Talking about coating fabric... I happened to stop by Mitchell Fabrics while I found myself in the neighbourhood. I found a green melton wool that I didn't notice before. Beautiful colour and it's actually a soft fabric that would be lovely for a jacket or blazer. Or maybe another little girls' coat?There is still quite a selection of fabrics to be found. I thought I might pick up some more shirt fabric but it was all gone. And that super cute plaid silk fabric was moved out of the discount section and placed with the other silk fabrics, so it's no longer priced at 70% off but now 30% off. Still good deals to be had minus the insane crowds of people that flocked to the store when it hit the news that they were closing. I picked up a metre of a crab print for microwave bowl cozies. And there was some cute plaid seersucker fabric. I picked up the last two metres for $3.00/metre and hope to get a summer dress out of it.

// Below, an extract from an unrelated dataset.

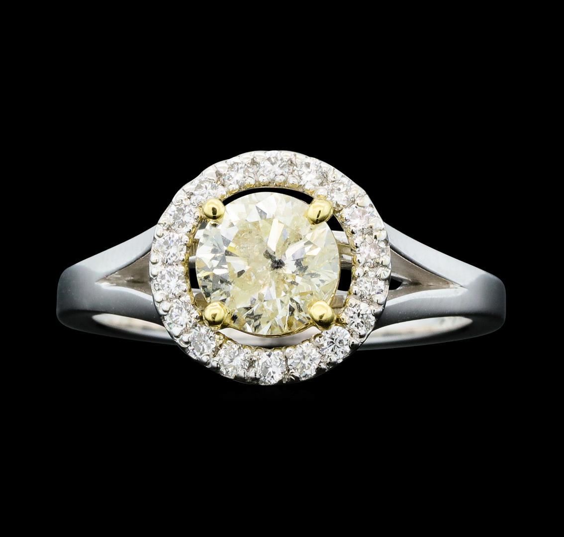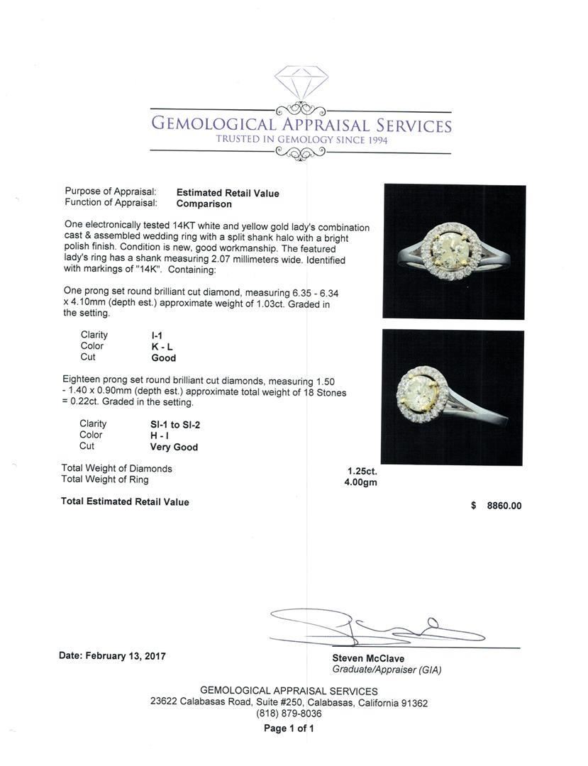 One electronically tested 14KT white and yellow gold lady's combination cast & assembled wedding ring with a split shank halo with a bright polish finish. The featured lady's ring has a shank measuring 2.07 millimeters wide. Identified with markings of '14K'. Condition is new, good workmanship. Containing: One prong set round brilliant cut diamond, measuring 6.35 - 6.34 x 4.10mm (depth est.) approximate weight of 1.03ct. Graded in the setting. Clarity I-1. Color: K - L Cut Good Eighteen prong set round brilliant cut diamonds, measuring 1.50 - 1.40 x 0.90mm (depth est.) approximate total weight of 18 Stones = 0.22ct. Graded in the setting. Clarity SI-1 to SI-2. Color: H - I Cut Very Good. Total Weight of Diamonds 1.25ct.. Total Weight of Ring 4.00gm. GAS Appraised.

And there is a new knickers pattern in my collection.  Simplicity 8229 arrived this week and I have a size medium traced and cut.  


As you can see I'm having trouble focussing on one sewing project. We'll see which one is completed first.  

Well, that's all in sewing news today.

Happy Sewing!  
  

Sunday, 12 March 2017

Panties!

Simplicity patterns hasn't been available here for a few years now. And with shipping costs and exchange rates added onto the online prices it is quite an investment to order off the website. I really want to try the panties pattern but I couldn't find any reviews on this pattern other than for the soft cup bras to justify that sort of investment. So, I searched Etsy to see if I could save a few pennies. And lucky me! 


The latest panties pattern I'm trying is Simplicity 8228. It arrived a few weeks ago but it wasn't until this weekend that I actually got to work, traced out the pattern, cut my supplies and when I couldn't sleep last night, snuck down to the workspace and started stitching.  


This morning before breakfast, I finished installing the elastic. They're not perfectly sewn but with what I have learned from sewing these, I'm willing to give it another try. The next pair I think I might try a size smaller though, just because of the amount of stretch in my fabrics.  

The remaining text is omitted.